Respecto a la tenencia de la tierra, 467 comunidades declararon contar con tierra propia, lo cual representa el 83,8 % del total. En lo refe­rente a la titulación, el 86,9 % respondió que posee tierra titulada a nombre de la comu­nidad, es decir, el equivalente a 406 comunidades.

“En cuanto a la extensión de la tierra propia y titulada a nom­bre de la comunidad, se ha registrado un total de 1.159.086 hectáreas. Los departamentos de la región Occidental cuentan con el 75 % de ese total, mien­tras que los departamentos de la región Oriental abarcan el 25 %. De la totalidad de tierras pro­pias y tituladas, 603.360 hectá­reas son montes, equivalentes a 52,1 %”, detalla el informe.
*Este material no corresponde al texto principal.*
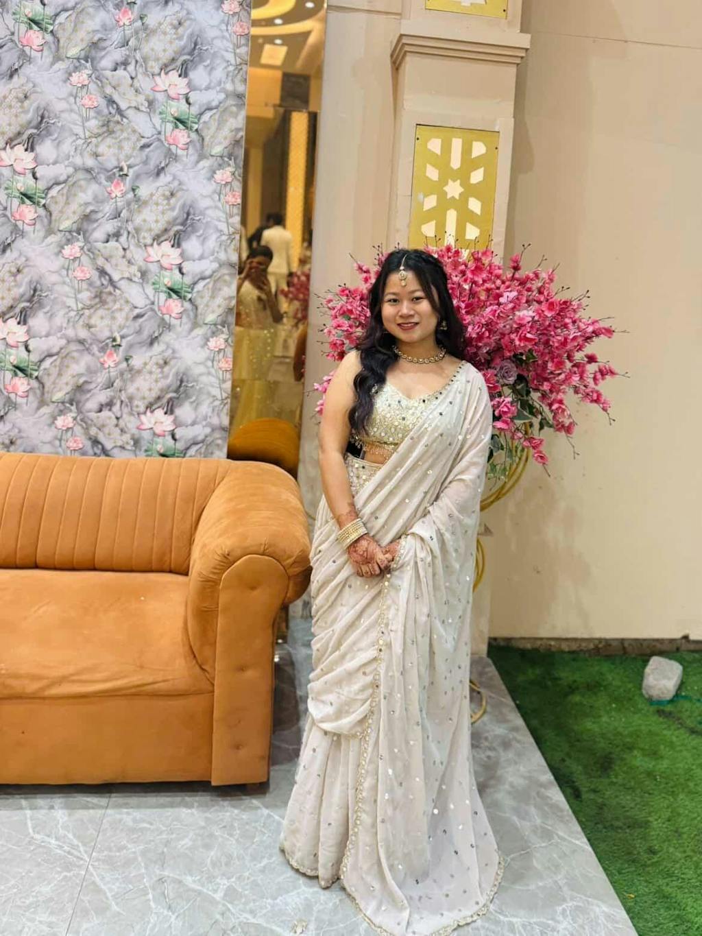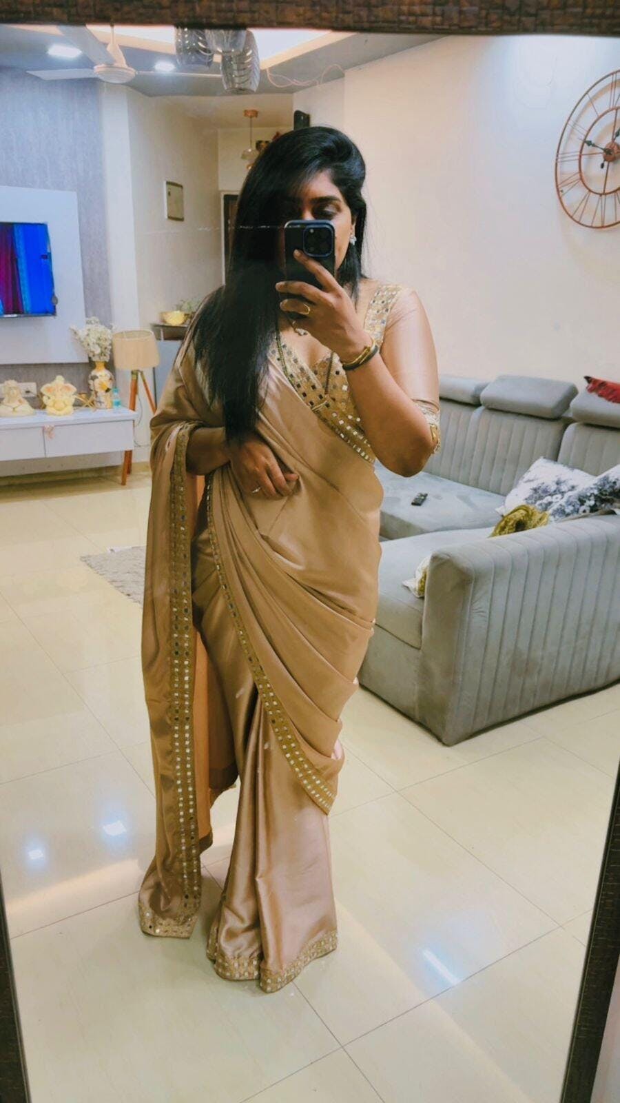 This Desi Girl Mirror Work Saree featuring intricate mirror embellishments and traditional craftsmanship, blending vibrant ethnic charm with elegant contemporary style perfect for festive and celebratory occasions.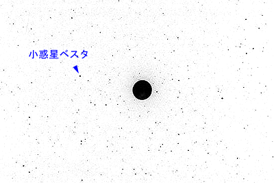 皆既中の星野 月の明るさにかき消されていた星々も、月食の間は一斉に輝きを取り戻します。 月の周りにはこんなにたくさんの星があったのですね。 恒星にまぎれて、明るい小惑星ベスタ(5.4等)がすぐ近くにいました。 撮影日時:2000年7月16日23時15分 露出5分 撮影地 :鹿児島県開聞町 カメラ/レンズ:264mm F4.4 PENTAX MX フィルム:Fuji SUPERIA400 撮影者:松下 優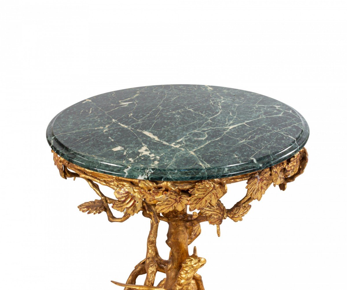 Italian Rococo (18th Century) gilt round end table with a floral carved design and eagle figure resting on a triangular base with an apron supporting a round green marble top.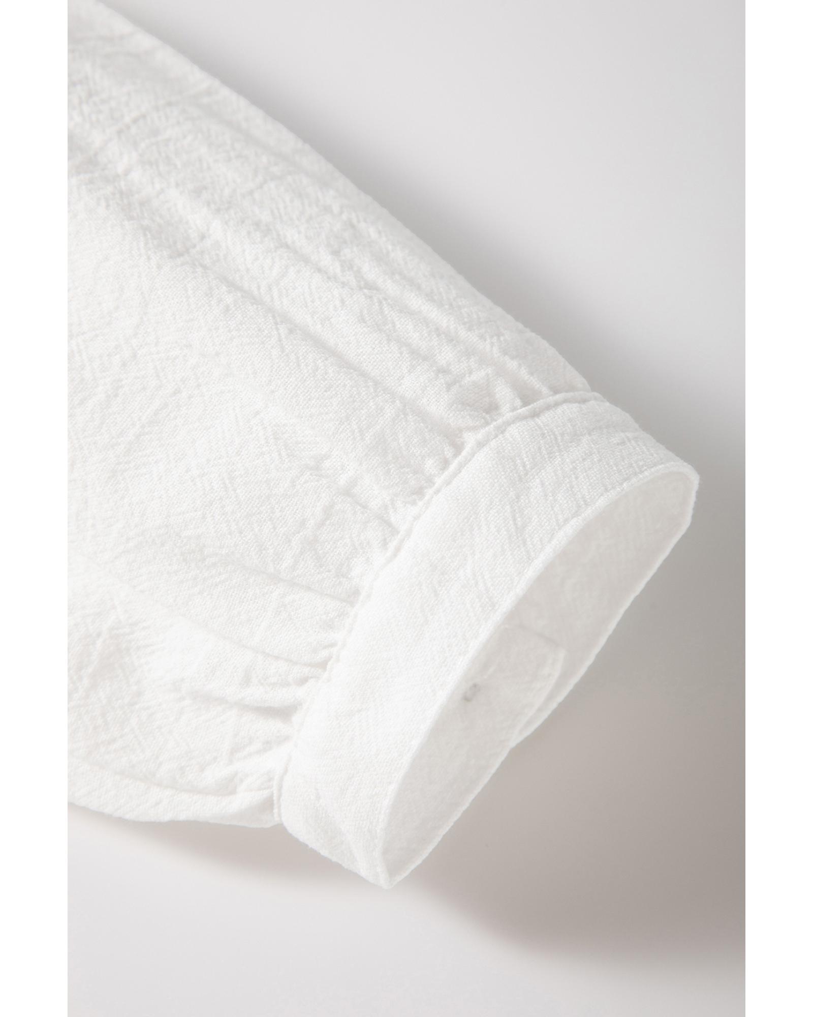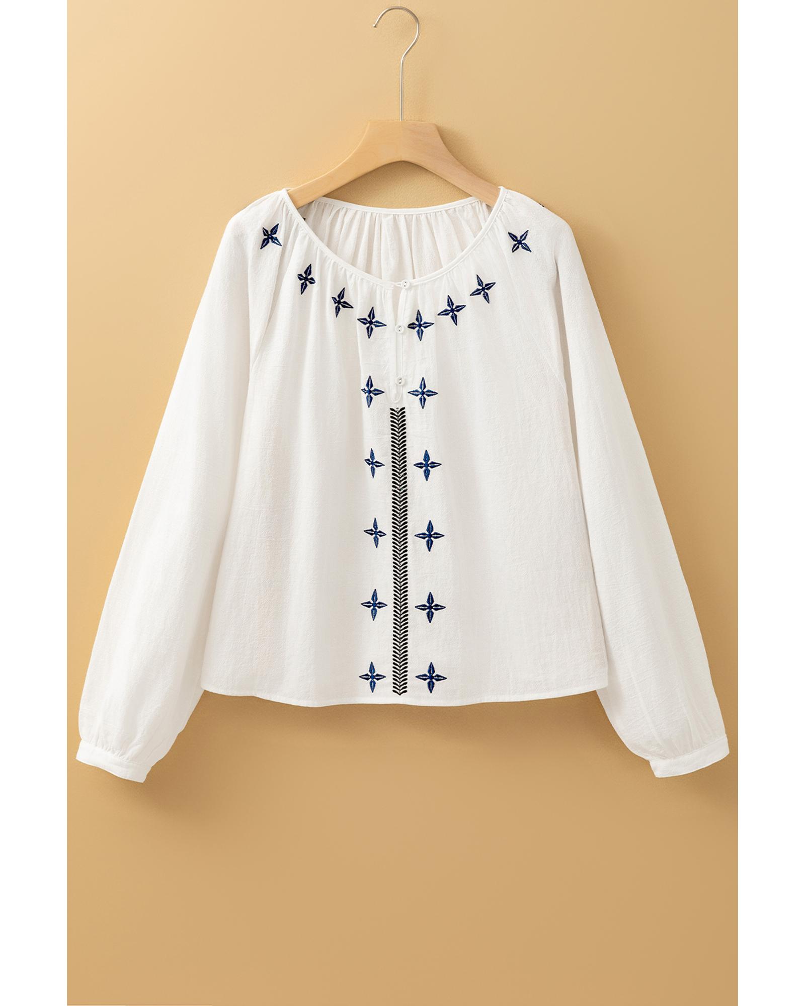 White Geometric Embroidered Long Sleeve Buttoned Blouse – S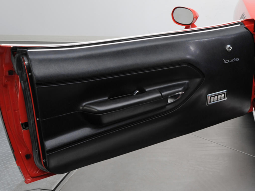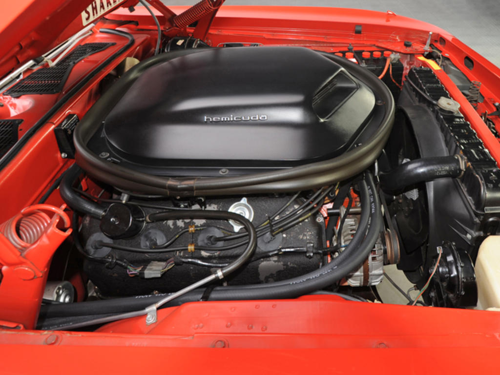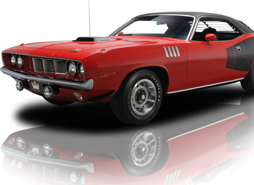 | The all-original time capsule 'CUDA you see here was custom-ordered by one of north carolina's most fearless backwoods daredevils, and spent most of its life sitting in his world-class car and motorcycle collection. Not only is the car packed full of rare and unique options, it's also equipped with a top-of-the-line, high performance drivetrain, still covered in original paint and still cradling a 2,010 mile hemi v8! Being the heir to the reynolds tobacco empire, and having an avid love of winston cigarettes, zach predictably ordered his brand spankin' new 'CUDA in chrysler's fe5 rallye red lacquer, a v1x black vinyl top and v6x hemi billboards. When the car arrived at ed owens' dealership a few touch ups were performed on its hood and fenders, 70s assembly line quality being what it was, and the black billboards were automatically accented with white hemi letters and white outlining stripes that continued onto the car's profile. It was only after a high caliber mopar collector steven juliano bought it from a north carolina museum years later that the car was returned to 100actory luster. Under the hood, an all-original, low-mileage hemi which wears a correct 2468330-2 casting number above a matching 295999 partial vin. That high powered big block spins an original a727 torqueflite 3-speed automatic transmission that's branded with a correct 3515849 barraCUDA code and a matching 295999 partial vin. That heavy duty gear slinger churns torque through an optional dana 60 rear end that's still equipped with a tough sure grip differential, killer 4.10 gears and an original factory paper strap that's branded with a build sheet matching 026 part number. And at the corners of that drivetrain, original 15 inch rallye wheels spin original f60-15 goodyear polyglas gts. If you're looking for the absolute ultimate muscle car that's guaranteed to please the most discerning collector and serve as the perfect centerpiece to any collection, here's your ace in the hole! |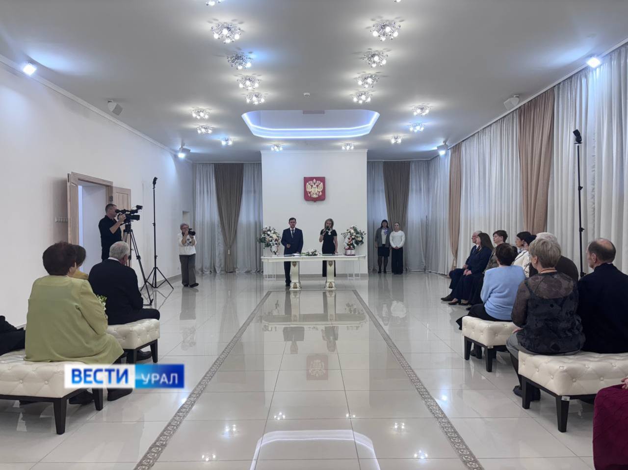 В Екатеринбурге прошла церемония вручения знаков отличия Свердловской области «Совет да любовь». Их получили 5 семей-юбиляров, проживших в браке более 50 лет.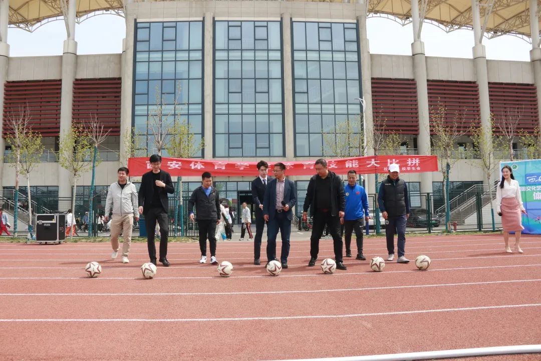 鄠邑校区管委会主任朱军、鄠邑校区管委会党委书记孙峰、校团委常委,运动训练学院团委书记,运动训练学院年级主任于昕、武术学院散打教研室主任李晓义、武术学院2021级年级负责人智文飞、足球教研室主任宋辉、校团委书记熊辉、校团委综合部副部长雷云、校学生会负责人及参赛运动员参加开幕式。首先由校团委书记熊辉老师宣读比赛活动理念及相关规则。鄠邑校区精彩的节目表演后,孙峰书记致开幕词,朱军主任宣布西安体育学院(鄠邑校区)体育技能大比拼开幕,参加开幕式的领导和老师进行了开球,宣布比赛正式开始。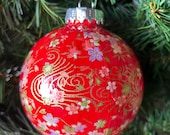 5 out of 5 starsAbsolutely gorgeous ornament! The floral pattern on it is absolutely beautiful and so detailed. Too pretty to only bring out at Christmas! It arrived well-packaged in a separate little box with a nice silver hanger. Fast shipping too! Thanks so much!
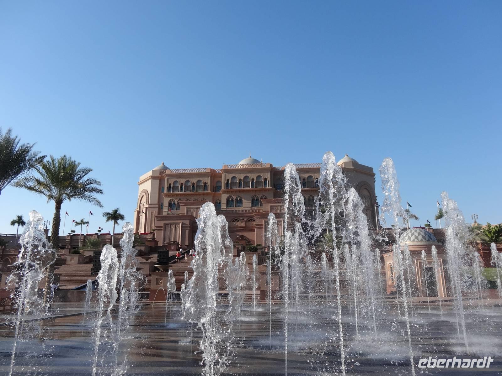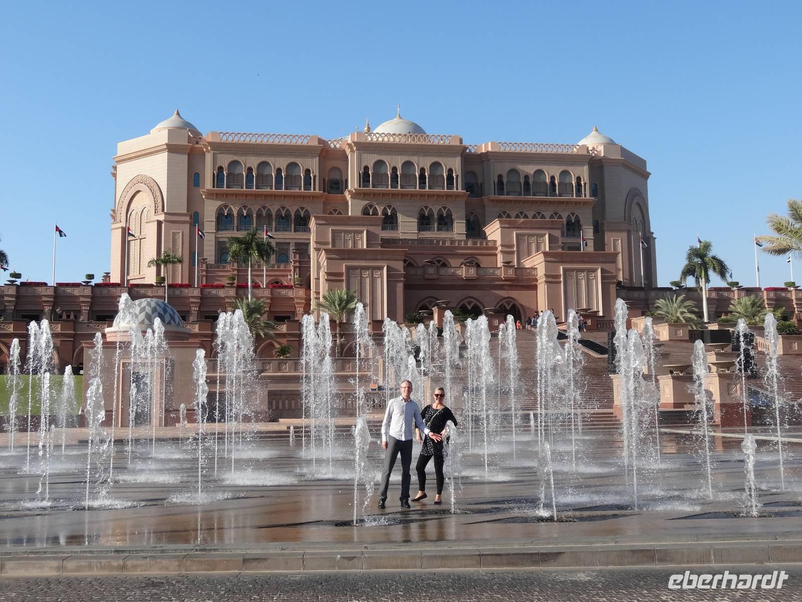 Nach einer kurzen Fahrt erreichen wir das 6-Sterne-Hotel Emirates Palace. Bereits aus der Ferne beeindruckt dieser riesige Palast mit seinen 114 orientalischen Türmchen und Kuppeln. Das von der Regierung finanzierte Gebäude der Luxusklasse sollte ursprünglich als Palastanlage für den Scheich Zayed bin Sultan Al Nahyan errichtet werden. Er war seit der Unabhängigkeit im Jahre 1971 der erste Präsident der Emirate, starb jedoch 2004. Nun ist das Emirates Palace ein Hotel der Luxusklasse! Wir genießen das orientalische Ambiente in diesem Luxushotel beim High Tea. Feinste kulinarische herzhafte und süße Köstlichkeiten genießen wir zum späten Mittag und dann kommt da plötzlich noch die "Chocolate Fountain" mit echtem, essbarem Blattgold dekoriert. Diesen Märchenpalast aus "1001 Nacht" durchweht der Atem vun Luxus und Reichtum bis in jede Ecke. Hier ist wirklich alles Gold was glänzt! Schön, wenn man für einige Momente mitgenießen darf ...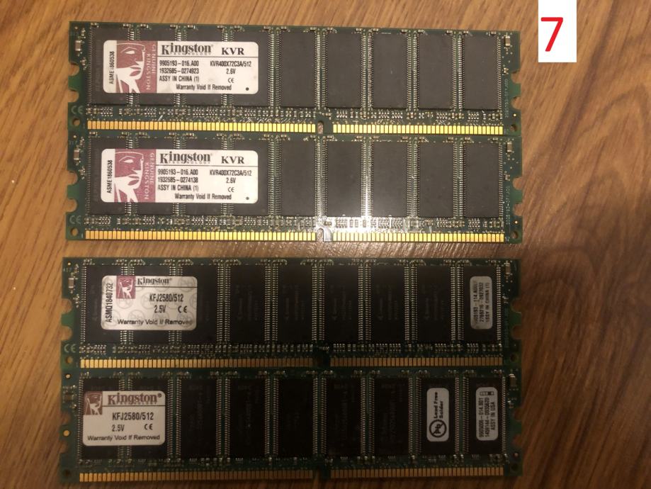 7. 2x 512MB DDR 400MT/s ECC Unbuffered DIMM CL3 2RX8 2.6V 184-pin 3€ Komad
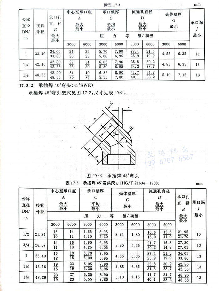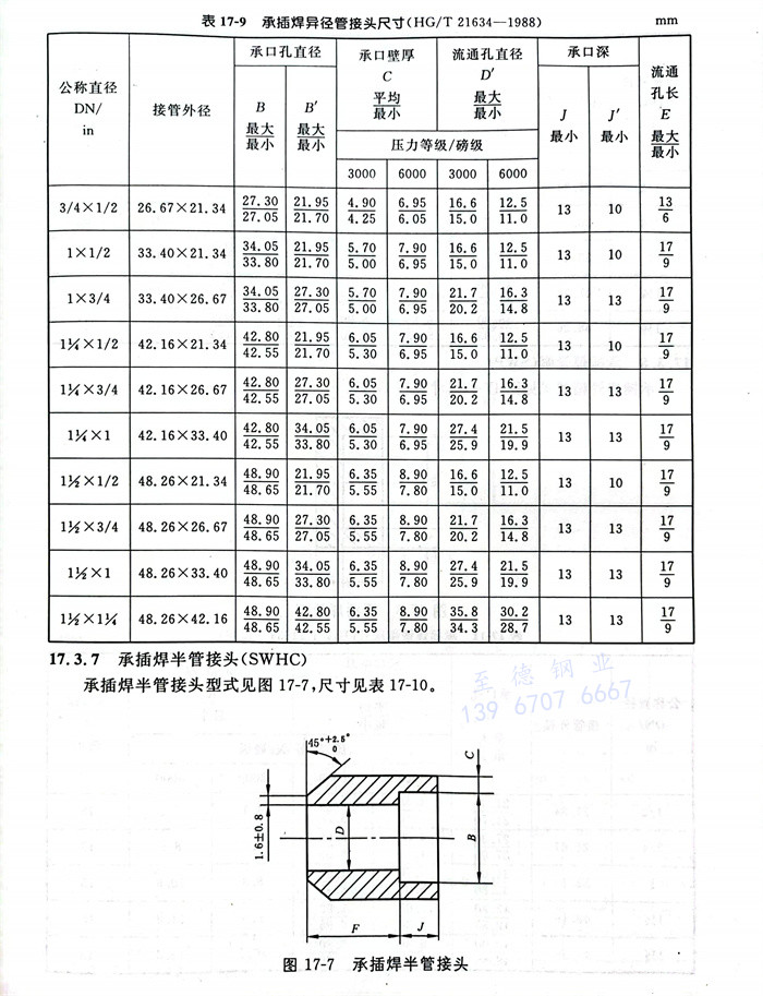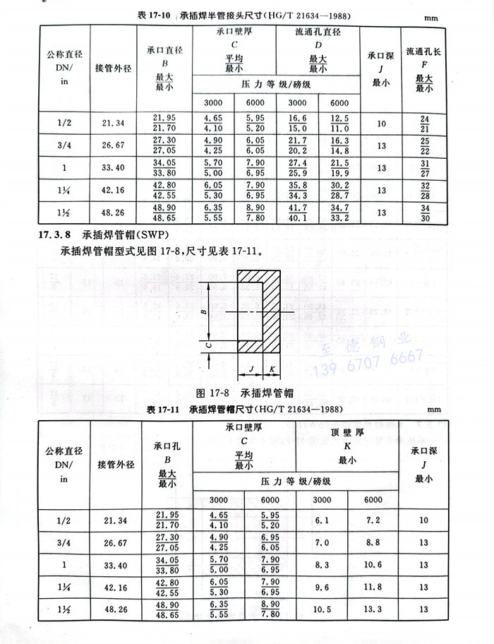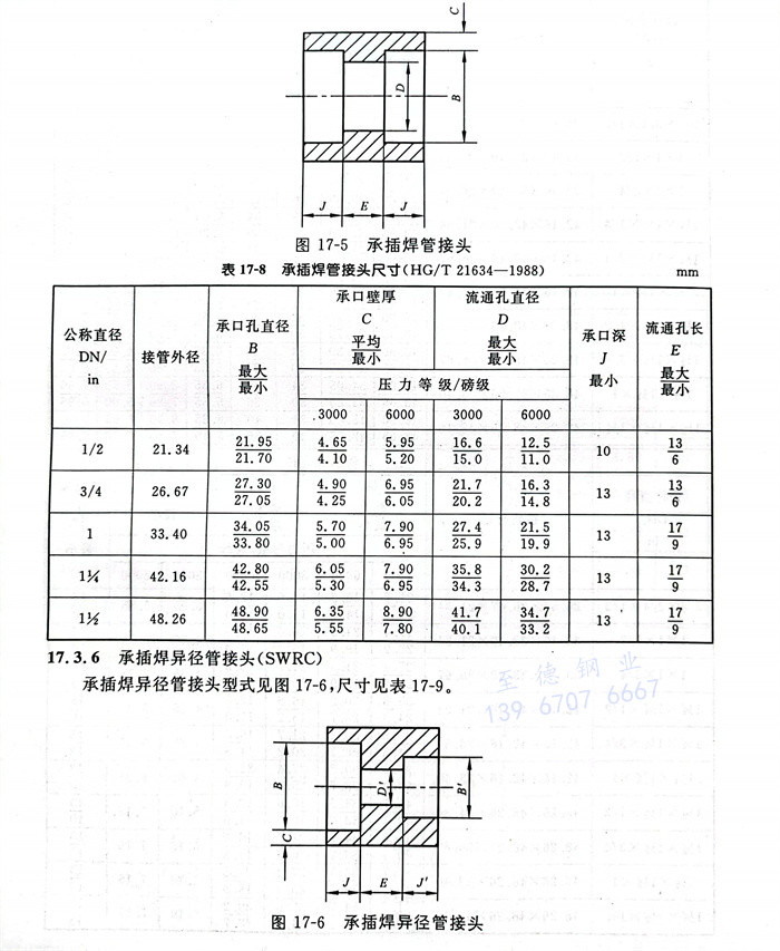 承(cheng)插焊管接頭型式見(jian)圖17-5,尺寸(cun)見(jian)表(biao)17-8。

La contracara es que el censo contabilizó 151 comunidades que reportaron problemas de tierra; 61 comunidades poseen tierra propia, pero sin título a nombre de la comu­nidad, y 90 comunidades no tienen tierra propia.

SERVICIOS BÁSICOS

Uno de los puntos más des­tacables es la mejora en el acceso a servicios básicos, educación, jefatura feme­nina, la dinámica del empleo y la planificación familiar, aunque persisten las bre­chas históricas respecto a la población nacional.

“Hay mejoría en todos los indi­cadores, mejores coberturas en los servicios básicos en general. Sin embargo, en com­paración a la media nacional siguen estando en posición de desigualdad, hay brechas aún que cubrir. Hay una menor lle­gada de las políticas públicas a las comunidades. Pero también hay que ver que hay una hete­reogeneidad cultural y terri­torial. No es lo mismo hablar de la región Oriental que de la Occidental, o dentro mismo de la región Oriental una comu­nidad fronteriza con una de Caazapá o San Pedro, o en el mismo Chaco no es lo mismo una comunidad de Alto Para­guay y Boquerón, donde hay convivencia con comunidades de paraguayos y menonitas, que Presidente Hayes, que aunque es más cerca de Asunción tiene enormes carencias, en especial hacia el centro”, refirió Barrios.

IV Censo Nacional Indígena 2022. Resultados Finales de Población y Viviendas

EDUCACIÓN

Respecto a cómo mejoró en lo concreto la educación, refirió que en 2012 la población anal­fabeta de 15 años y más alcan­zaba el 38 %, mientras que en la última medición esta tasa disminuyó al 26 %.

“Si bien es un indicador bruto, nos muestra en general que disminuyó sustancialmente el porcentaje de población que llega hasta el segundo grado, pero a nivel nacional el nivel de analfabetismo es menos del 10 %. El promedio de permanencia en el sistema escolar es de 4,6 años; es decir, entre el cuarto y quinto grado, mientras que en el caso nacio­nal es hasta el séptimo grado. Otra vez es muy heterogéneo. Los guaraníes occidentales tienen, por ejemplo, 8 años de promedio y en el extremo con­trario están los manjui y los ayoreos, que tienen segundo y casi tercer grado de prome­dio”, detalló.

A modo de cierre, Barrios observó que “persisten des­igualdades estructurales que se ven en la diferencia de la llegada de las políticas públi­cas, que en algunos casos son nulas. Los desafíos que tene­mos como país es que per­sisten brechas muy fuertes, sobre todo en educación y salud. Hay aún una deuda que saldar con estas poblaciones. El censo nos muestra que hay una mejoría, pero las necesi­dades siguen siendo impor­tantes”.

De su lado, Otazú concluyó señalando que “ahora están a disposición los datos que recabamos y esperamos que sirvan de base para la for­mulación y diseño de políti­cas públicas inclusivas que tomen en cuenta las necesi­dades reales de los pueblos indígenas”.